Other factors besides the microbiome are also known to affect whether immunotherapy works, explained Dr. Johnson. For example, he said, the immune system seems more likely to recognize and target tumors with a greater number of genetic mutations.
Research studies testing many different ways to improve responses to immunotherapy are currently underway, he added. These include testing new drugs that stimulate the immune cells that recognize tumors and drugs that suppress cells that can dampen the immune response.
So, in addition to manipulating the microbiome, “there’s a whole host of other approaches that have also shown promise. And I don’t think these things are mutually exclusive, and may ultimately prove complementary,” Dr. Johnson concluded.
Immune Cells May Be the Important Players in Immunotherapy Response
Two new studies, published February 1 in the Journal of Clinical Investigation, hint that a patient’s immune cells may play a much more important role in the response to a type of immune checkpoint inhibitor than do tumor cells themselves.

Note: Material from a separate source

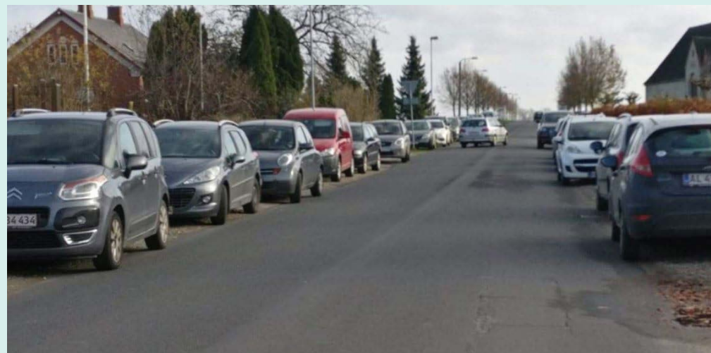
Parkering langs vejen ved Forsamlingshuset

2. Udvidelse af parkeringsområdet omkring Forsamlingshuset. Der er et ønske om opkøb af jord, evt. ved nabohuset (et udlejningshus), da der ikke er mulighed for at parkere eller at lave et legeområde. Det betyder, at bilerne i dag holder på de fire pladser, der er, samt på vejen. Det giver flere farlige situationer, da børnene, som deltager i aktiviteter/arrangementer i huset, ikke har noget udeplads og derfor bruger vejen.

In one study, researchers from the University of Texas Southwestern Medical Center in Dallas, found that, in mouse models, whether tumor cells expressed the protein targeted by the therapy was largely irrelevant in predicting whether the drug worked.
Instead, it appeared to be the presence of the drug’s target on immune cells called myeloid cells that seemed to determine whether tumors shrank in response to the treatment.
The second study, from researchers at the University of Michigan, found similar results in mouse models of cancer. And when the researchers looked at tissue samples from patients with melanoma or ovarian cancer who had been treated with the same type of checkpoint inhibitor, they found that almost 75% of patients had expression of the drug’s target only in non-tumor cells. The higher the expression of the drug’s target in the immune cells, the more likely patients were to have responded to the drug.